Quantum kicks delivered to LIGO’s mirrors make it the world's most efficient broadcaster of gravitational radiation.

Matt Heintze/Caltech/MIT/LIGO Lab

LIGO doesn’t just detect gravitational waves. It makes them, too

WASHINGTON, D.C.—The Laser Interferometer Gravitational-Wave Observatory (LIGO) is not only the most sensitive detector of ripples in spacetime. It also happens to be the world's best producer of gravitational waves, a team of physicists now calculates. Although these waves are far too feeble to detect directly, the researchers say, the radiation in principle could be used to try to detect weird quantum mechanical effects among large objects.

"When we optimize LIGO for detection, we also optimize it for emission" of gravitational waves, says Belinda Pang, a physicist at the California Institute of Technology (Caltech) in Pasadena, who presented the analysis here last week at a meeting of the American Physical Society.

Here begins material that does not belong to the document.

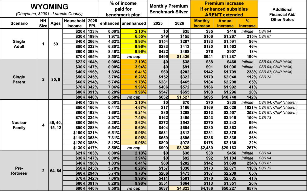 NEW: The original version of this analysis included a 4.3% increase in the unsubsidized benchmark plan premium based on a projection by the Congressional Budget Office. However, that was a national average projection which didn’t take into account other factors like increased utilization, medical inflation and so on. This updated version assumes the actual 2026 Wyoming rate filings.

Gravitational waves literally stretch space itself. In 1915, Albert Einstein explained that gravity arises when massive objects such as Earth warp spacetime, bending the otherwise straight trajectories of free-falling objects. Einstein also predicted that certain swirling configurations of mass would radiate gravitational waves. The 1000 physicists working with LIGO have twice detected such waves emanating from a pair of massive black holes spiraling into each other.

LIGO relies on exquisitely sensitive twin detectors in Hanford, Washington, and Livingston, Louisiana. Each detector essentially consists of a pair of crossed, 4-kilometer-long rulers. To detect the stretching of space, researchers use laser light to compare the lengths of the two rulers on a near-constant basis. Light waves bounce back and forth between 40-kilogram mirrors at either end of each arm, and researchers compare the arms' lengths using an optical technique called interferometry, in which the light waves from the two arms are combined to see how they reinforce or cancel each other. Gravitational waves are so feeble that to detect one, physicists must compare the lengths of the two arms to within 1/10,000 the width of a single proton.

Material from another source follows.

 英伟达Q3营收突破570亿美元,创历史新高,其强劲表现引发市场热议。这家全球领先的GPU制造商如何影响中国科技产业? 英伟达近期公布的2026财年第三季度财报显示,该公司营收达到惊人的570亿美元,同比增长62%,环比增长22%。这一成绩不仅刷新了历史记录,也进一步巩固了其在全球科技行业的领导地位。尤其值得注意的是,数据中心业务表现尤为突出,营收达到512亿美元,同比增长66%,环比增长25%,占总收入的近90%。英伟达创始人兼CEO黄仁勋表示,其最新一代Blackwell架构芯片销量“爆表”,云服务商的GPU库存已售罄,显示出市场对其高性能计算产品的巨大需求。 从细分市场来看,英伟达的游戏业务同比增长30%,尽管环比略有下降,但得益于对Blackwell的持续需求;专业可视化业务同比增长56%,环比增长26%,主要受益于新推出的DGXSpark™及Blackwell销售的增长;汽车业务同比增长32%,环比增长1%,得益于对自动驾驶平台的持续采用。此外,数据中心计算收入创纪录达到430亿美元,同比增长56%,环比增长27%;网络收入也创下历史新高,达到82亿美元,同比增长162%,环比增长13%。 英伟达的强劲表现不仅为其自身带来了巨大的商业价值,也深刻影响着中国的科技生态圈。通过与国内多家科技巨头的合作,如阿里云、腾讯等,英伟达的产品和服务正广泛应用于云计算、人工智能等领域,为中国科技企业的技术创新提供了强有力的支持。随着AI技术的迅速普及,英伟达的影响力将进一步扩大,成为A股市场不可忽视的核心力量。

But the fact that LIGO is so sensitive to the stretching of spacetime implies that it is also exceedingly efficient at generating ripples. To prove it, Pang and her colleagues developed a quantum mechanical model of how the stretching of space affects or “couples” to light waves bouncing back and forth in one of LIGO’s arms.

To make their measurements as sensitive as possible, LIGO physicists have to ensure that the positions of the peaks and troughs in each light wave—its so-called phase—remain steady and stable. But quantum uncertainty then requires that the size of the wave, known as its amplitude, must be less certain. The unavoidable amplitude fluctuations then give random impulses or "kicks" to the mirrors, and the mirrors' motion generates tiny ripples in spacetime, Pang says. Of course, LIGO doesn't generate large gravitational waves—you could probably make bigger ones yourself by whirling bowling balls around—but it does so with optimal efficiency.

The result isn't surprising, says Fan Zhang, a physicist at Beijing Normal University. "The fundamental thing about a detector is that it couples to gravitational waves," he says. "When you have coupling it's going to go both ways."

Although far too feeble to detect directly, the waves could still be used to probe quantum effects among macroscopic objects, Pang says. Quantum mechanics says that a vanishingly small object such as an electron can literally be in two places in once. Many physicists suspect that it might just be possible to coax a macroscopic object, such as one of LIGO's mirrors, into a similar state of quantum motion.

That delicate state wouldn't last long, as interactions with the outside world would make it "decohere" and put it in one place or another. However, one could imagine measuring the rate at which such a state decoheres to see whether it matches the rate expected from the radiation of gravitational waves, Pang says. Some theorists have suggested that gravity plays a special role in squashing quantum states among macroscopic objects.

"It's an interesting idea, but experimentally it's very challenging," says Yiqui Ma, a physicist at Caltech and one of Pang's collaborators. To see these quantum effects of gravitational radiation, researchers would have to suppress every other source of decoherence, he says. Pang acknowledges the point. "It's unbelievably difficult," she says. "But if you want to do it, what we're saying is that LIGO is the best place to do it."